Codes and Keys is as critic-proof as a major album release gets. During the last decade, Death Cab have simultaneously established a die-hard fan base, who are no doubt already intimately familiar with the album’s eleven tracks, and have managed to shoo away those who are reflexively opposed to all things Ben Gibbard. No amount of critical savaging will keep the first group away; no amount of glowing praise will entice the second. To my great surprise, the haters are the big losers here. Gibbard and Co. have returned with a sure-footed album, heavy with melodies and textural flourishes, worthy of the true believer and neophyte alike.

The jazzy polyrhythms of “Home Is a Fire” open the album, skittering, like Björk’s “Hyperballad,” at double-time beneath Gibbard’s vocal melody. The beguiling tug-of-war of tension and release gives way to the dashing major-chord piano swing of the album’s title song. It’s a marvelous instance of sequencing: Codes and Keys‘ second track and the listener swoon together. Codes and Keys overflows with such moments of joy. The guitar hook that sings through “You Are a Tourist” recalls the Stone Roses’ “She Bangs the Drum” and Modest Mouse’s “Float On,” a riff worth its weight in radio gold. “Stay Young, Go Dancing” finds Gibbard a buoyant optimist, musically and lyrically. Though he tempers his sentiment – “Life is sweet in the belly of the beast” – you can’t help but think of an exuberant Diana Ross when he announces, “When she sings, I hear a symphony.”

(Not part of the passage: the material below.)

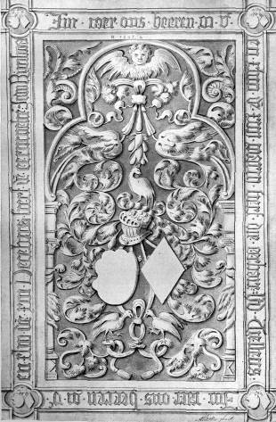 172 van Utrecht ontdekte 1) waarin hij Ao. 1466 staat vermeld. Maar het nieuwe Künstlerlexicon van Thieme-Becker noemt onzen beeldhouwer, en weet, op gezag van duitsche arche- ologen, van hem te vertellen, dat in den Dom te Bremen eertijds een grafsteen lag, waaruit bleek, dat P. D. wellicht van hollandsche (?) afkomst was! 2) - Zijn atelier blijkt wel in Friesland geweest te zijn, misschien weer in of bij Fra- neker. Wij noteerden: I. Deinum. Zerk voor Hessel van Feitsma 11.4. † 1557 en Luts van Mellema † 25.10. 1580. Bovenaan gemerkt P 1561 D. Origineel tegen den muur der kerk. Teekening in het Friesch Museum 327_7. Grafschr. Men.deel G86, p. 56/7 ill. t/o p. 64. II. Boxum. Zerk voor Worp van Juckama † 9.2. 1560 en Anna v. Mockema † 5.12. 1585. Bovenaan: P 1561 D. Origineel onzichtbaar. Teekening in het Fr. Mus. 326_8 III. Hallum. Zerk voor Gabbe van Scheltema † 1558 en Tets Origineel onzichtbaar. Afbeelding in Fr. Oudh. vol- gens teekening in 't Fr. Mus. 214_12a Nog één aldaar? Wytzo Oetsma (Juckema) † 1565 niet gsigneerd IV. Leiden (Pieterskerk). Zerk voor Claes Alewyn † __ en Anna v. d. Hooghe † 1558. Bovenaan [15 Pieter] Dircks 63. 15 Pieter en het sterfjaar van Claes Alewyn is niet meer te lezen. De stijl laat geen twijfel aan een friesch atelier over; doch zijn aanwezigheid in Leiden kunnen wij niet verklaren; is een van beide echtge- nooten van friesche herkomst of met friesche familiën verbonden? Een slechte teekening van dezen steen, zonder ver- melding der signatuur, in R. J. F. C. Kneppelhout: ----- 1) Bull. Ned. Oudhk. Bond I, blz. 214. 2) E. W. Moes, die voor de vermelding van Pieter en Jellis Claes in dit standdaardwerk zorgde (zie onder), kon die duitsche archeologen "des Besseren belehrt" en een stukje grond voor Nederland in de kunstenaarswereld veroverd hebben. | aantt. bij 172 Jorwerd. Zerk voor Hocko Fons 1558 (Voorl. lijst, Kunstreisb.) Leeuwarden. Memoriesteen kanselarij 1571 (45 gld) Wanswerd. Zerk voor Sipt Ghoslingha, † 7.6.1561, en Paesck (Bauck?) Zyaerda, † 7.6.1561(!); schikgodinnen, all.wapen; boven gemerkt: P D; onder: 1562; Friesch Dagblad 1.7.'82, 19 Harlingen. Zerk voor Aefke Sibrandtsdr., † 6.9.1562, huisvr. van Anne Claesz.; boven gemerkt: P D Mon. Ferw.deel p. 154, ill. p. 187 | ||

Sad-sack fans need not worry: Codes and Keys is, unfortunately, a Death Cab album after all. Gibbard remains weighed-down as ever, by mortality (“Unobstructed Views” and “St. Peter’s Cathedral”) and modernity (“Doors Unlocked and Open” and “Portable Television”). By hitting these targets so lazily, Gibbard puts a drag on a veteran band so close to reaching full-throttle.